- [WHAT THE TASK ASKS]:
Repeat the listing exactly. Any picture in it should be left out of the copy.

- [DATA SECTION]:
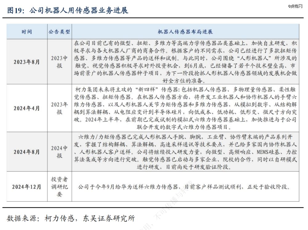 2023 年以来,公司以市场需求为导向,积极布局机器人及相关传感器产业。在六维力传感器领域,公司已完成人形机器人手腕、脚腕以及工业臂、协作臂末端的产品系列开发,掌握结构解耦、算法解耦和高速采样通讯等关键技术,并向多家国内协作机器人和人形机器人客户送样。在触觉传感器方面,公司已与多家企业、院校展开合作,并通过自主研发推进项目,目前产品处于研发验证阶段。
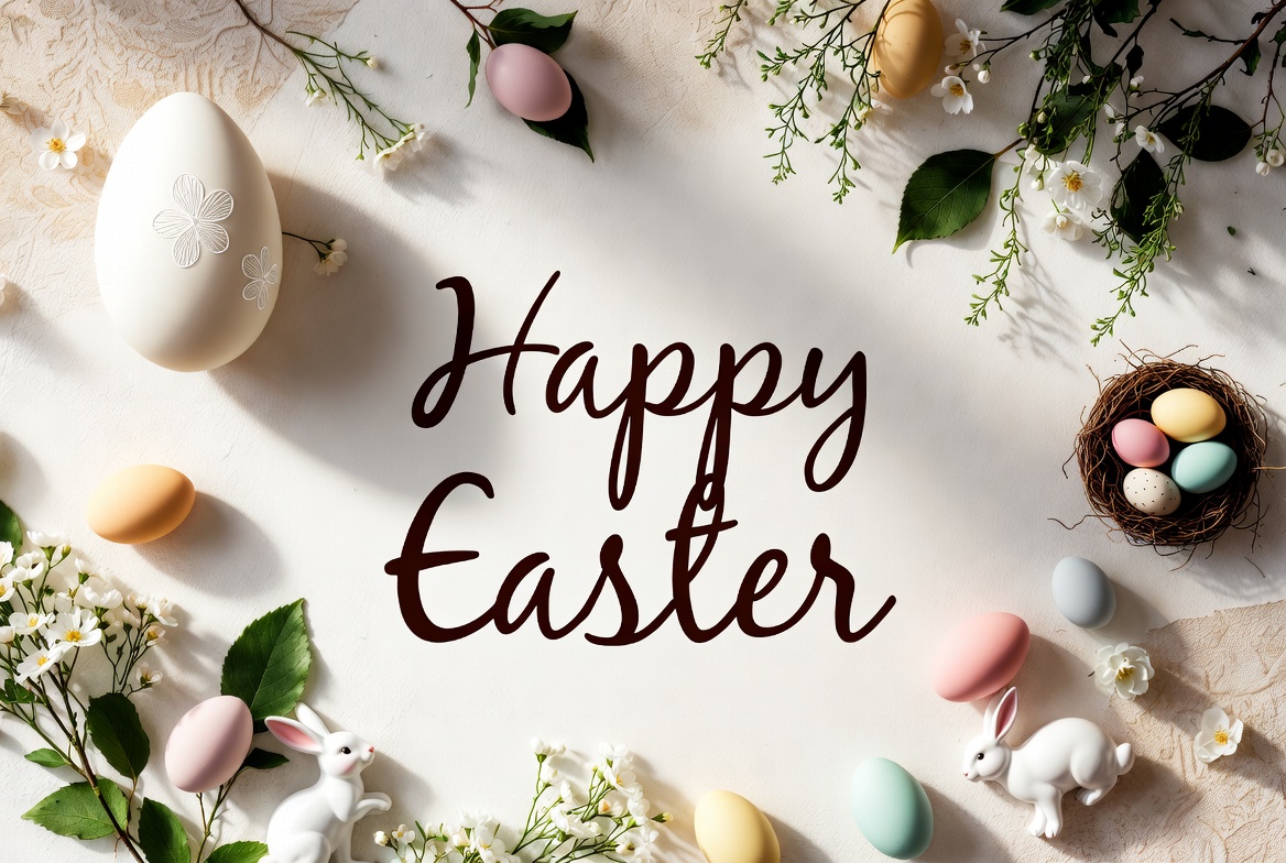 A festive flat lay features colorful Easter eggs in pastel shades scattered around green leaves and flowers. White toy bunnies sit among the eggs, with a small nest of speckled eggs nearby. Bold cursive text 'Happy Easter' is centered on a white background with lace details.
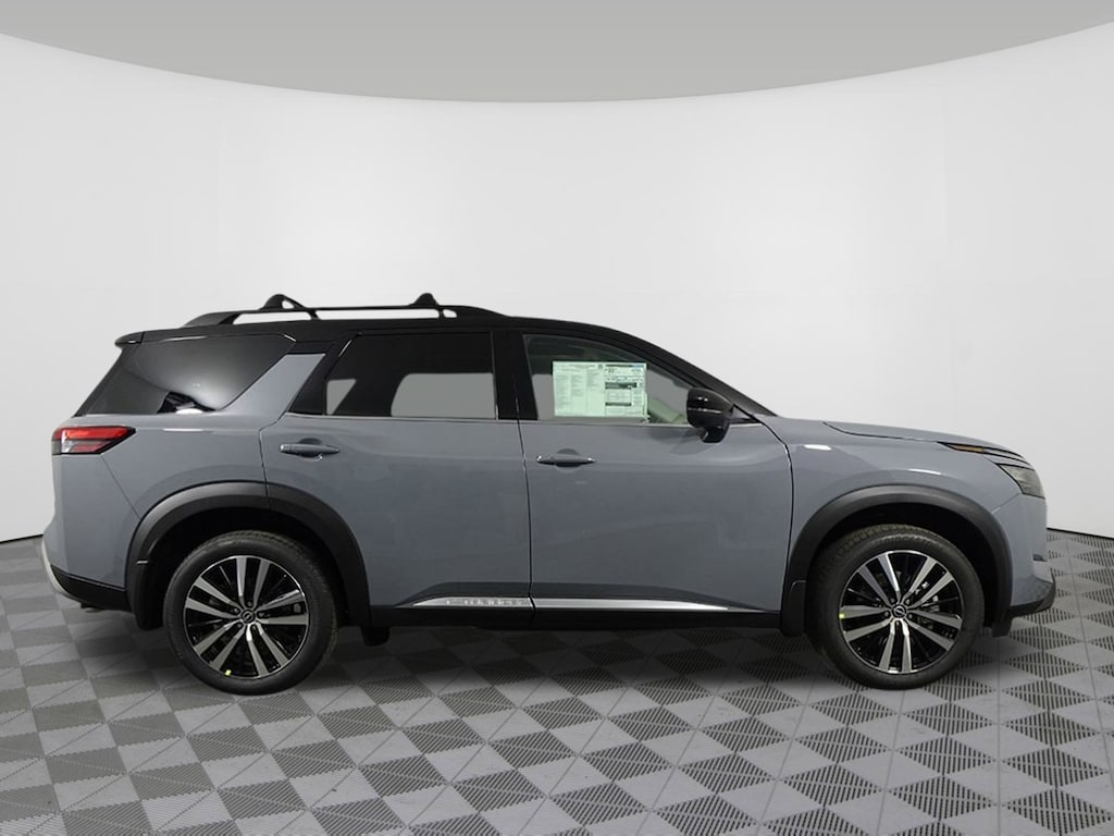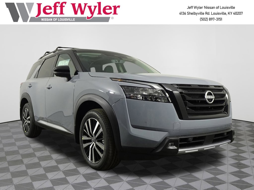 Recent Arrival! Jeff Wyler Nissan of Louisville is proud to offer this great-looking 2025 Nissan Pathfinder Platinum in Solid Gray/Super Black. Well equipped with: 4WD, 13 Speakers, 3rd row seats: bench, 4-Wheel Disc Brakes, ABS brakes, Air Conditioning, Alloy wheels, AM/FM radio: SiriusXM, Auto High-beam Headlights, Auto tilt-away steering wheel, Auto-dimming Rear-View mirror, Automatic temperature control, Bodyside moldings, Bose Premium Audio System, Brake assist, Bumpers: body-color, Climate Controlled Front Bucket Seats, Delay-off headlights, Driver door bin, Driver vanity mirror, Dual front impact airbags, Dual front side impact airbags, Electronic Stability Control, Emergency communication system, Exterior Parking Camera Rear, Four wheel independent suspension, Front anti-roll bar, Front Bucket Seats, Front Center Armrest, Front dual zone A/C, Front reading lights, Fully automatic headlights, Garage door transmitter: HomeLink, Heads-Up Display, Heated door mirrors, Heated front seats, Heated rear seats, Heated steering wheel, Illuminated entry, Knee airbag, Leather steering wheel, Low tire pressure warning, Memory seat, Navigation system: NissanConnect with Navigation and Services, NissanConnect featuring Apple CarPlay and Android Auto, NissanConnect w/Navigation & Services, Occupant sensing airbag, Outside temperature display, Overhead airbag, Overhead console, Panic alarm, Passenger door bin, Passenger vanity mirror, Power door mirrors, Power driver seat, Power Liftgate, Power moonroof, Power passenger seat, Power steering, Power windows, Radio data system, Radio: AM/FM Audio System, Rain sensing wipers, Rear air conditioning, Rear anti-roll bar, Rear reading lights, Rear seat center armrest, Rear side impact airbag, Rear window defroster, Rear window wiper, Reclining 3rd row seat, Remote keyless entry, Security system, Semi-Aniline Leather-Appointed Seating Surfaces, Speed control, Speed-sensing steering, Speed-Sensitive Wipers, Split folding rear seat, Spoiler, Steering wheel memory, Steering wheel mounted audio controls, Tachometer, Telescoping steering wheel, Tilt steering wheel, Traction control, Trip computer, Turn signal indicator mirrors, Variably intermittent wipers, Ventilated front seats, and Wheels: 20" x 8J Machined Alloy.2025 Nissan Pathfinder Platinum Solid Gray/Super Black Wyler Family First Package Includes: NanoCure Appearance Protection: Exterior & Interior Chemical Sealant Applied to Protect Against Environmental Hazards (7 Year Warranty Coverage). Pulse- Rear end Collision Avoidance System Theft Deterrent Strategy gives you 5 Years of Coverage against vehicle Theft, Offering up to a $5,000 benefit. 4WD.

- [TASK RESPONSE]:
 2023 年以来,公司以市场需求为导向,积极布局机器人及相关传感器产业。在六维力传感器领域,公司已完成人形机器人手腕、脚腕以及工业臂、协作臂末端的产品系列开发,掌握结构解耦、算法解耦和高速采样通讯等关键技术,并向多家国内协作机器人和人形机器人客户送样。在触觉传感器方面,公司已与多家企业、院校展开合作,并通过自主研发推进项目,目前产品处于研发验证阶段。
 A festive flat lay features colorful Easter eggs in pastel shades scattered around green leaves and flowers. White toy bunnies sit among the eggs, with a small nest of speckled eggs nearby. Bold cursive text 'Happy Easter' is centered on a white background with lace details.
 Recent Arrival! Jeff Wyler Nissan of Louisville is proud to offer this great-looking 2025 Nissan Pathfinder Platinum in Solid Gray/Super Black. Well equipped with: 4WD, 13 Speakers, 3rd row seats: bench, 4-Wheel Disc Brakes, ABS brakes, Air Conditioning, Alloy wheels, AM/FM radio: SiriusXM, Auto High-beam Headlights, Auto tilt-away steering wheel, Auto-dimming Rear-View mirror, Automatic temperature control, Bodyside moldings, Bose Premium Audio System, Brake assist, Bumpers: body-color, Climate Controlled Front Bucket Seats, Delay-off headlights, Driver door bin, Driver vanity mirror, Dual front impact airbags, Dual front side impact airbags, Electronic Stability Control, Emergency communication system, Exterior Parking Camera Rear, Four wheel independent suspension, Front anti-roll bar, Front Bucket Seats, Front Center Armrest, Front dual zone A/C, Front reading lights, Fully automatic headlights, Garage door transmitter: HomeLink, Heads-Up Display, Heated door mirrors, Heated front seats, Heated rear seats, Heated steering wheel, Illuminated entry, Knee airbag, Leather steering wheel, Low tire pressure warning, Memory seat, Navigation system: NissanConnect with Navigation and Services, NissanConnect featuring Apple CarPlay and Android Auto, NissanConnect w/Navigation & Services, Occupant sensing airbag, Outside temperature display, Overhead airbag, Overhead console, Panic alarm, Passenger door bin, Passenger vanity mirror, Power door mirrors, Power driver seat, Power Liftgate, Power moonroof, Power passenger seat, Power steering, Power windows, Radio data system, Radio: AM/FM Audio System, Rain sensing wipers, Rear air conditioning, Rear anti-roll bar, Rear reading lights, Rear seat center armrest, Rear side impact airbag, Rear window defroster, Rear window wiper, Reclining 3rd row seat, Remote keyless entry, Security system, Semi-Aniline Leather-Appointed Seating Surfaces, Speed control, Speed-sensing steering, Speed-Sensitive Wipers, Split folding rear seat, Spoiler, Steering wheel memory, Steering wheel mounted audio controls, Tachometer, Telescoping steering wheel, Tilt steering wheel, Traction control, Trip computer, Turn signal indicator mirrors, Variably intermittent wipers, Ventilated front seats, and Wheels: 20" x 8J Machined Alloy.2025 Nissan Pathfinder Platinum Solid Gray/Super Black Wyler Family First Package Includes: NanoCure Appearance Protection: Exterior & Interior Chemical Sealant Applied to Protect Against Environmental Hazards (7 Year Warranty Coverage). Pulse- Rear end Collision Avoidance System Theft Deterrent Strategy gives you 5 Years of Coverage against vehicle Theft, Offering up to a $5,000 benefit. 4WD.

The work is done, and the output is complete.